┌────────

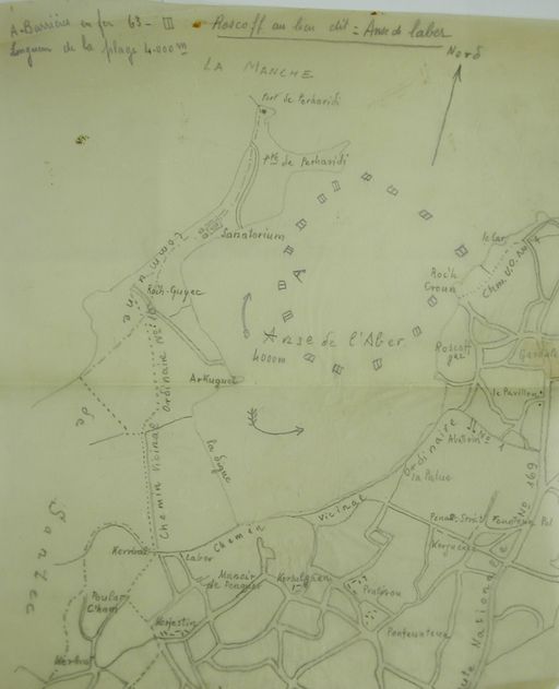 Roscoff : calque de l'anse de l'Aber qui était protégée par des herses Maginot, service français de déminage, sources Fort MontbareyImmatriculation
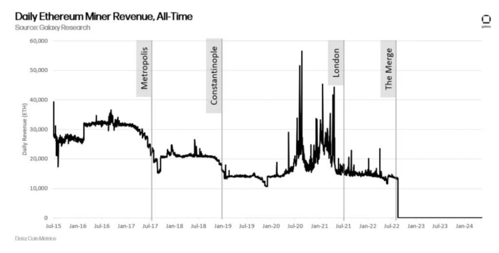 以太坊最初的區塊獎勵設定為 5 ETH/ 區塊。在 2017 年 9 月的大都會升級中,它被降至 3 ETH 。然後在 2019 年 2 月的君士坦丁堡升級中,它又降至 2 ETH 。隨後,2021 年 8 月的倫敦升級中,礦工們從交易費中獲得的獎勵被燒燬,然後在 2022 年 9 月的合並升級中,挖礦獎勵在網路上被徹底廢除。
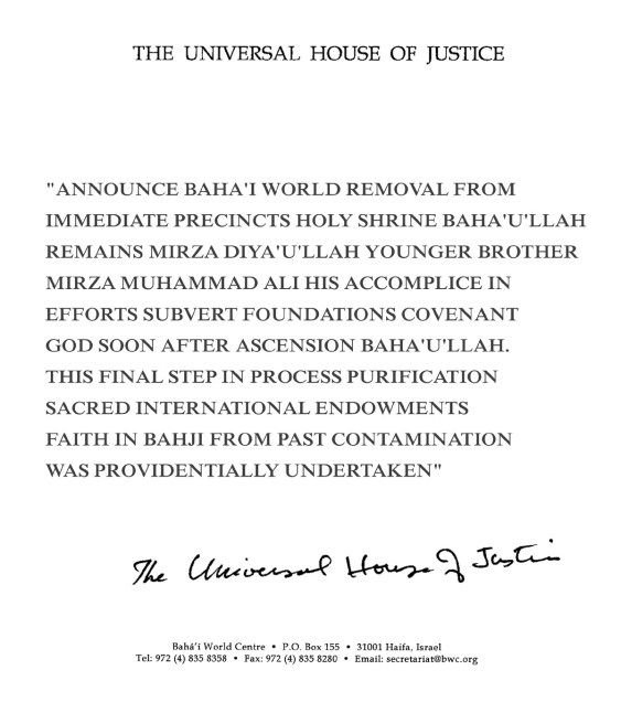 This was not merely removal of an ugly building from otherwise beautiful gardens, nor merely the eviction of undesirables. This represented the death-blow to the violators of the Covenant. Their violation of the Ark of the Testament — the Will and Testament of Baha’u’llah establishing His Covenant– was prophesied in the Bible, as explained by Abdu’l-Baha here….
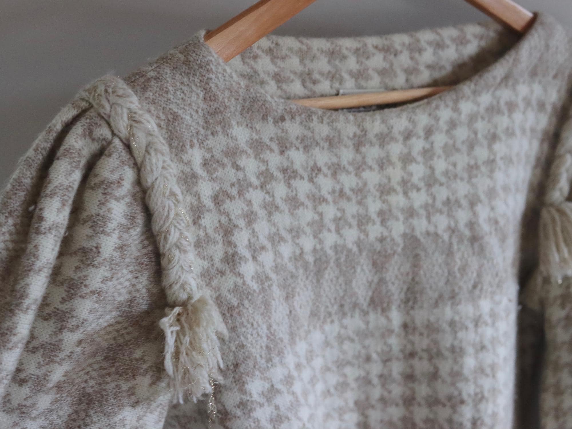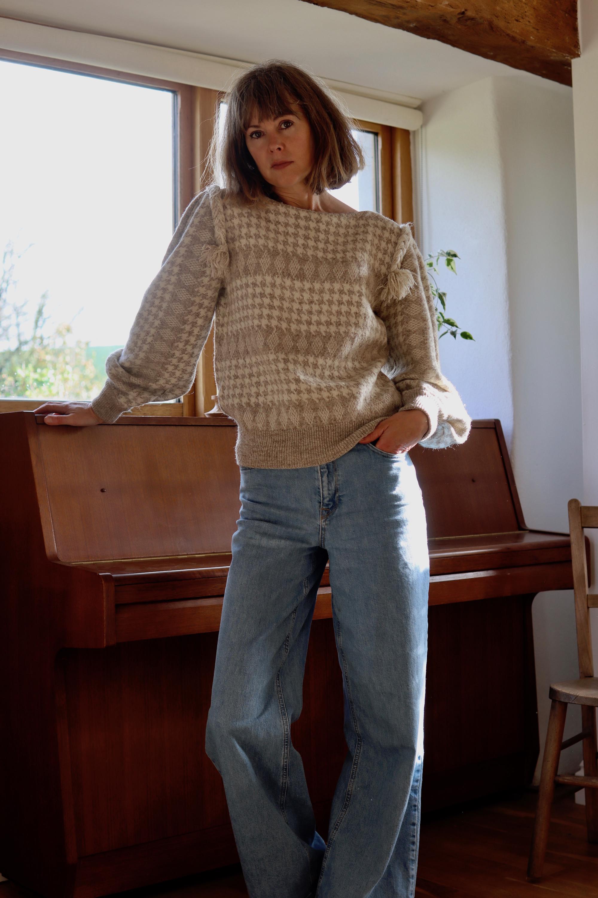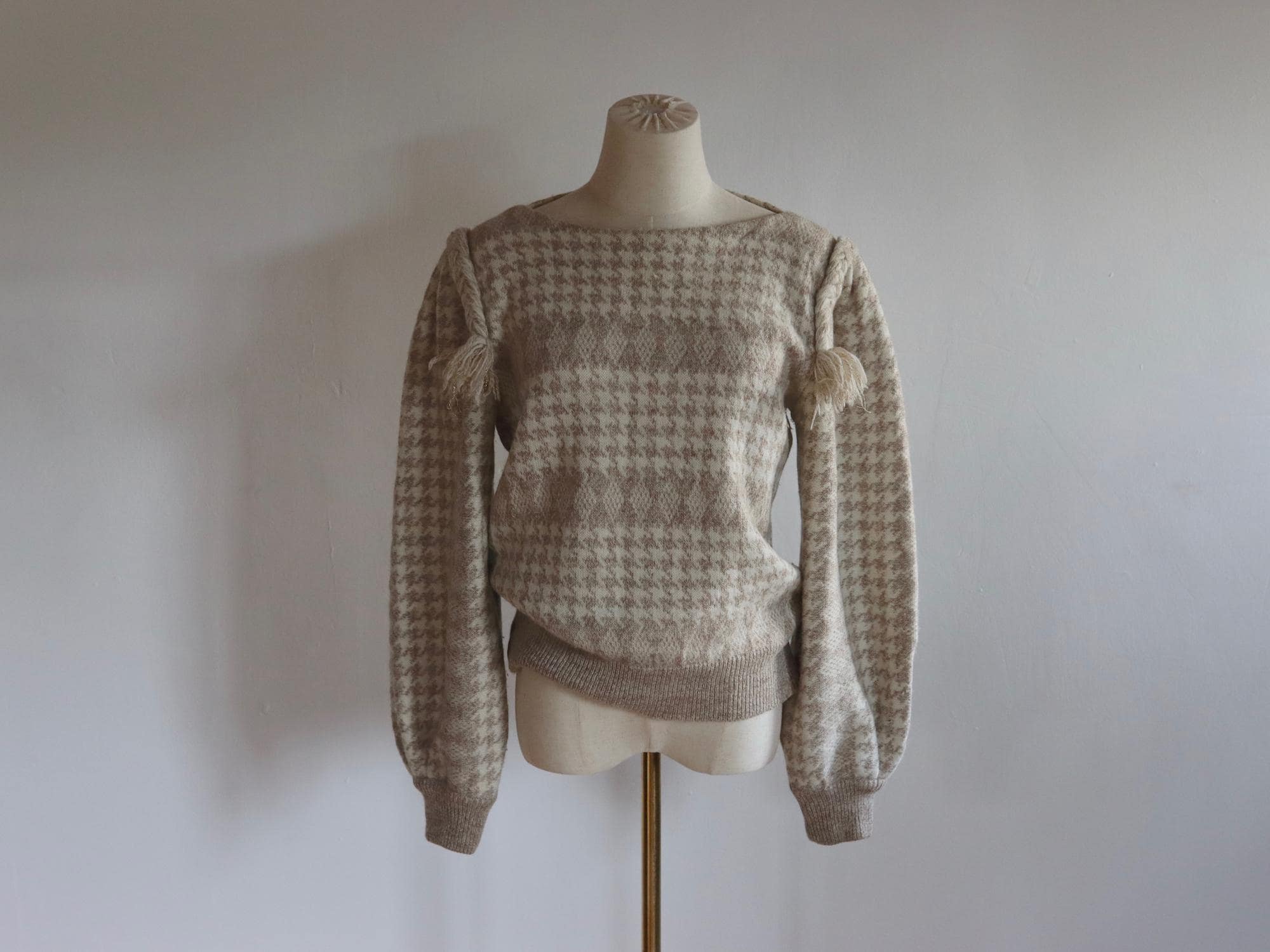 Dogtooth alpaca blend jumper with plait and tassel detail and ruched shoulders. Such a great original by 1980s Escada.
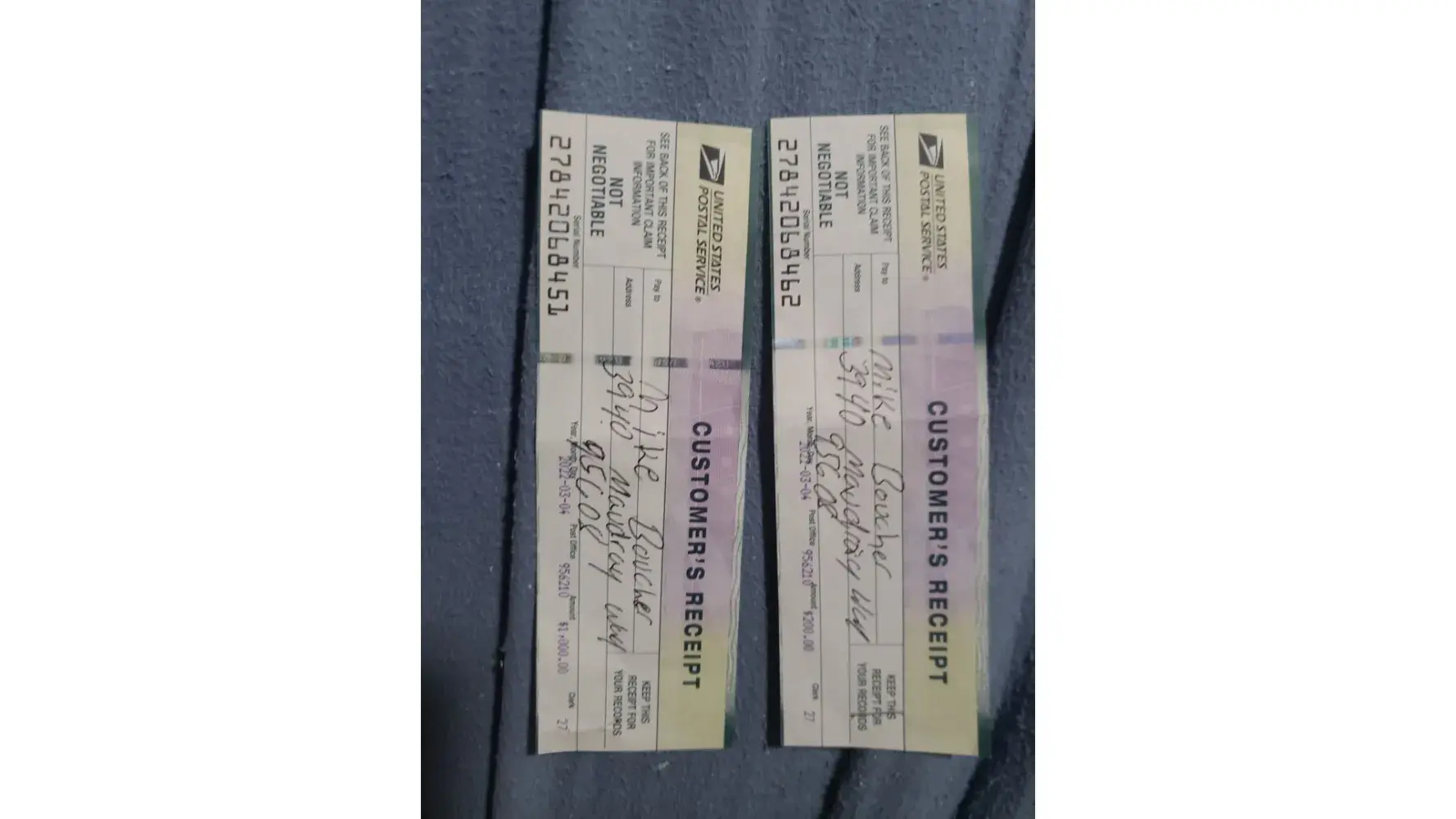 On march 4th 2022 I purchased two money orders from the Citrus Heights P.O I filled out the money orders completely with me being the purchaser and my landlord being the receiver one in the amount of $1000 the other amount was $200 I then put the money orders in an envelope addressed to my landlord placed stamp and put envelope in the out going mail slot inside the post office the same way I do every month to pay my rent. On the 17th of March I received a call from my landlord saying he did not receive the money orders. I took my receipts for the money orders to P.O where purchased and paid to have the money orders tracked . I received copies of the money orders showing that they had been altered refilled out and cashed at the Foothills Farm post office on the 7th of March 2022.(the copies I received it appears to still be able to see the impression of my writing on the checks I do not think they should have been cashed) I followed the instructions that came with the copies I received making copies of the receipts and a written statement and went to mail them to address as per instructions but when I tried to mail it I was told that the zip code nor po. box existed I showed the letter to the PO employee and asked him what he suggested I do he had no advice so I went home and after going online trying to decide and making several calls and getting nowhere I decided to mail it back to the address that sent me the copies .I received an email from them informing me that the money orders had been cashed and there would be no refund given. I found the whole process very unprofessional and unacceptable I feel as though it is quite possible that my money orders never left the post office that they were mailed from.
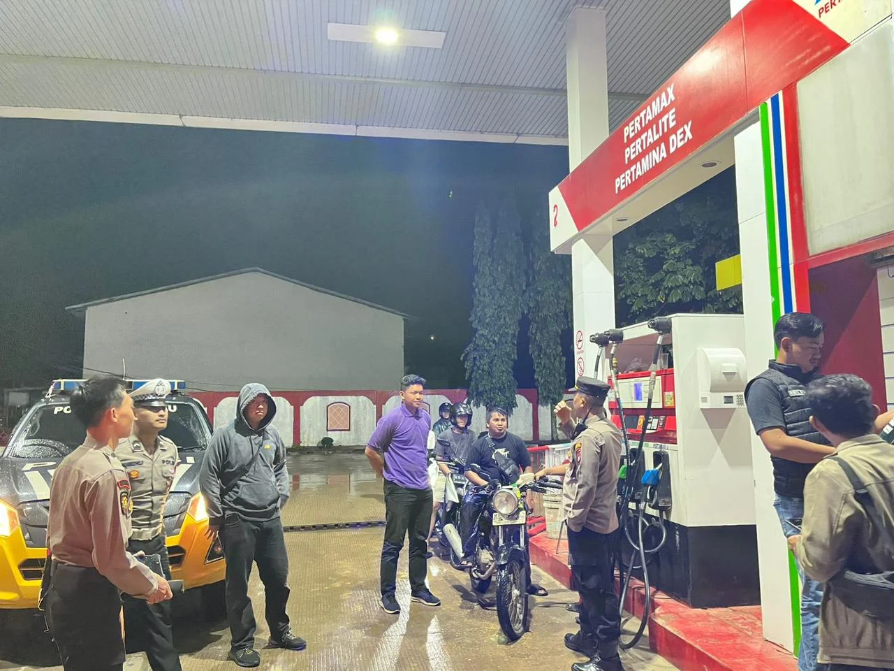 Tidak hanya pasar, petugas juga singgah di stasiun pengisian bahan bakar umum (SPBU). Di lokasi ini, anggota berdialog dengan pengendara motor yang sedang mengisi bahan bakar. Selain memastikan keamanan, petugas juga mengingatkan warga untuk selalu tertib dan berhati-hati di jalan.
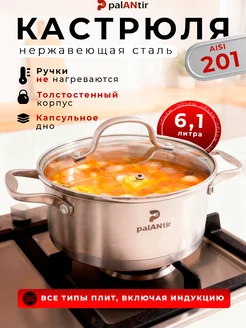 Кастрюля из нержавеющей стали с крышкой 6.1 л
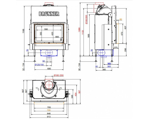 Немецкая каминная топка Brunner BKH Flat 42-66 ST представляет собой современное отопительное решение с подъемной дверцей и прямым стеклом. Эта закрытая топка обеспечивает эффективный и безопасный обогрев помещений до 250 м³ благодаря мощности 9 кВт и высокому КПД 85%.

└────────

Only the lines between the one with "This was not" and the one with "Dogtooth alpaca blend", those two included, get copied from the material above. Keep it exact and free of pictures.

 This was not merely removal of an ugly building from otherwise beautiful gardens, nor merely the eviction of undesirables. This represented the death-blow to the violators of the Covenant. Their violation of the Ark of the Testament — the Will and Testament of Baha’u’llah establishing His Covenant– was prophesied in the Bible, as explained by Abdu’l-Baha here….
 Dogtooth alpaca blend jumper with plait and tassel detail and ruched shoulders. Such a great original by 1980s Escada.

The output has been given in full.